[The data Boundary: Start]

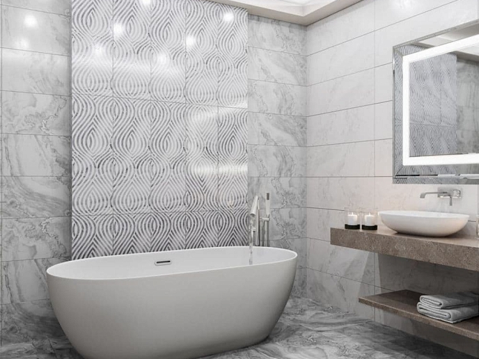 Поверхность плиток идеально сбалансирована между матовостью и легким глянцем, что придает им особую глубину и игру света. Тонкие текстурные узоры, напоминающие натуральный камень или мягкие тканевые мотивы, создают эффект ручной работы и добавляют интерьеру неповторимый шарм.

[The data Boundary: End]
[The data Boundary: Start]

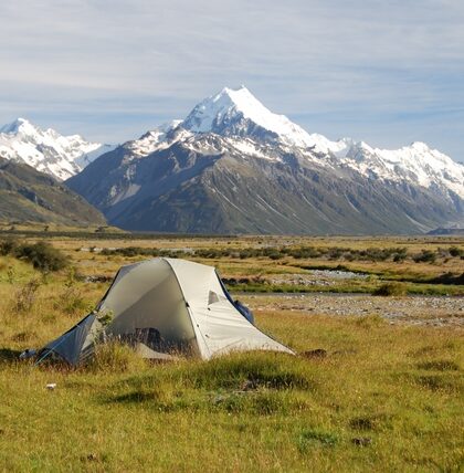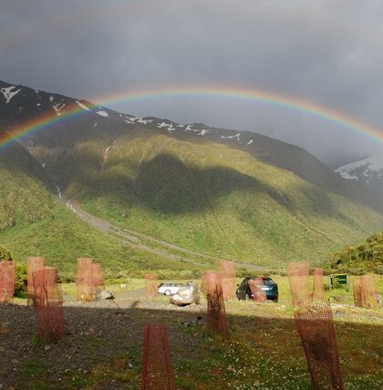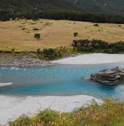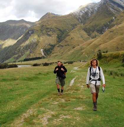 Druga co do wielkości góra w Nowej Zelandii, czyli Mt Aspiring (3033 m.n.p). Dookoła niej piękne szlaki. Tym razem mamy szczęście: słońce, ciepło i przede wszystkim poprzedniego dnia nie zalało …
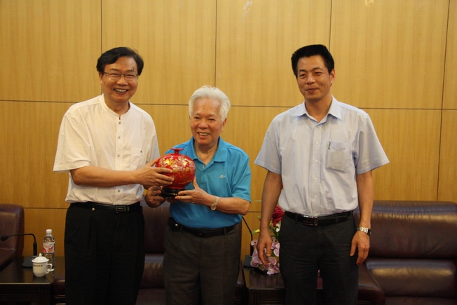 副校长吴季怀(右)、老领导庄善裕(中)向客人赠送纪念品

[The data Boundary: End]

When copying from the data above, begin at the line containing "Druga co do" and end at the line containing "副校长吴季怀(右)、老领导庄善裕(中)向客人赠送纪念品"; return those lines exactly and leave all pictures behind.

 Druga co do wielkości góra w Nowej Zelandii, czyli Mt Aspiring (3033 m.n.p). Dookoła niej piękne szlaki. Tym razem mamy szczęście: słońce, ciepło i przede wszystkim poprzedniego dnia nie zalało …
 副校长吴季怀(右)、老领导庄善裕(中)向客人赠送纪念品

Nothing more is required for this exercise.